What the task requires:
Excerpt from the entries below: please repeat exactly the lines from the one containing "Montre Tekday Enfant" through the last one, both ends included, with no pictures.
[Opening Data shown section]
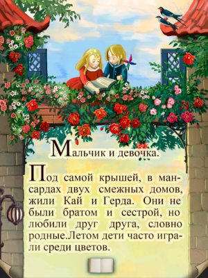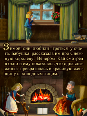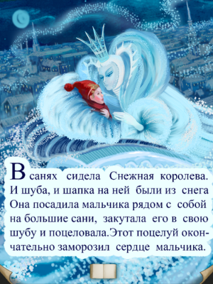 Осколок дьявольского зеркала, угодивший в глаз Кая, заморозил его юное сердце. Чтобы спасти мальчика от чар Снежной Королевы, вашему чаду придется бок о бок с Гердой пройти немало препятствий, проявить храбрость, смекалку и милосердие. Малыш познакомится с Маленькой Разбойницей, Доброй Принцессой, Северным Оленем; соберет воедино осколки злопооучного зеркала, чтобы навсегда покончить со злом. Люди,зверушки, птички, даже облака и цветы моментально оживут и откликнутся на каждое прикосновение ребенка. Поленья в камине станут уютно потрескивать, киска замяукает, заржут резвые кони, даже запотевшее от мороза стекло прояснится, когда легонько потрешь его пальчиком. Все взаправду, все как в жизни...
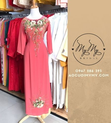 ÁO DÀI SUI GIA MÀU CAM KẾT CƯỜM
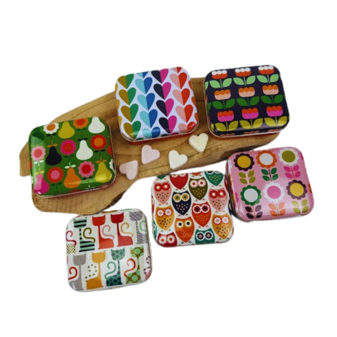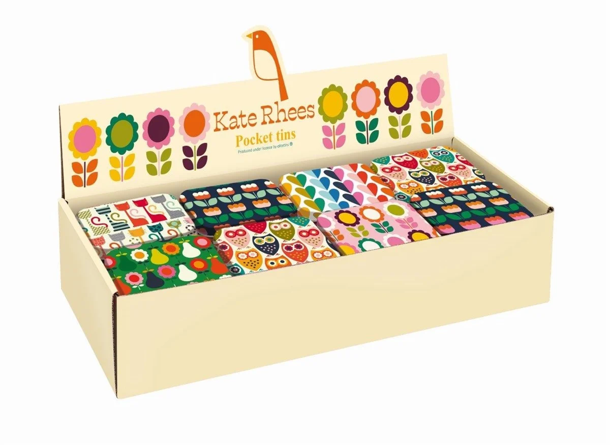 Kleurrijk retro opbergblikje van Kate Rhees met klepdeksel. Keuze uit 6 vrolijke designs. Handig voor snoepjes, theezakjes of als cadeau!
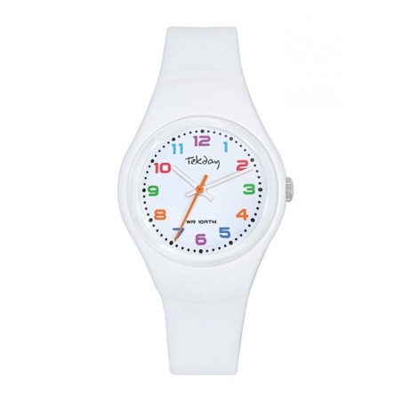 Montre Tekday Enfant silicone blanc fond blanc index multicolores
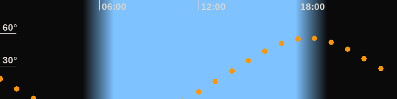 | Höchster Stand (Kulmination) | 18:36 Uhr (h = 55,8°) |
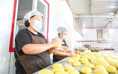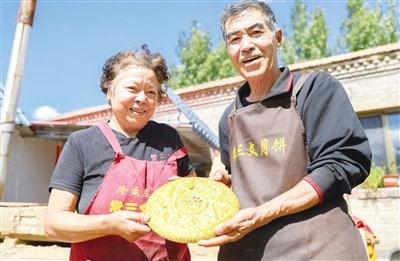 “我們堅(jiān)持手工制作,就是想留住這個(gè)味道!”常三文是隆盛莊月餅制作技藝非遺傳承人,他帶記者來(lái)到了打月餅的作坊。一個(gè)約60平方米的房間里有兩個(gè)大鐵鍋,一個(gè)鐵鍋里熬著糖水,另一個(gè)鐵鍋用來(lái)和面。一名男工將面粉、熟胡麻油、糖水等按比例倒入鐵鍋,然后用鐵鏟攪拌起來(lái)。鐵鍋旁邊是一個(gè)做月餅的大案板,4個(gè)女工稱重、分劑、做胚、擺放,各自忙活著。常三文的兒子常曉峰負(fù)責(zé)將擺放好的月餅放進(jìn)燒爐火的烤爐,計(jì)時(shí)、下簽子、刷油……直至月餅烤制完成出爐。
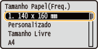 Ao selecionar o tamanho do papel para o tabuleiro multifuncional
[Closing Data shown section]
Reply:
 Montre Tekday Enfant silicone blanc fond blanc index multicolores
 | Höchster Stand (Kulmination) | 18:36 Uhr (h = 55,8°) |
 “我們堅(jiān)持手工制作,就是想留住這個(gè)味道!”常三文是隆盛莊月餅制作技藝非遺傳承人,他帶記者來(lái)到了打月餅的作坊。一個(gè)約60平方米的房間里有兩個(gè)大鐵鍋,一個(gè)鐵鍋里熬著糖水,另一個(gè)鐵鍋用來(lái)和面。一名男工將面粉、熟胡麻油、糖水等按比例倒入鐵鍋,然后用鐵鏟攪拌起來(lái)。鐵鍋旁邊是一個(gè)做月餅的大案板,4個(gè)女工稱重、分劑、做胚、擺放,各自忙活著。常三文的兒子常曉峰負(fù)責(zé)將擺放好的月餅放進(jìn)燒爐火的烤爐,計(jì)時(shí)、下簽子、刷油……直至月餅烤制完成出爐。
 Ao selecionar o tamanho do papel para o tabuleiro multifuncional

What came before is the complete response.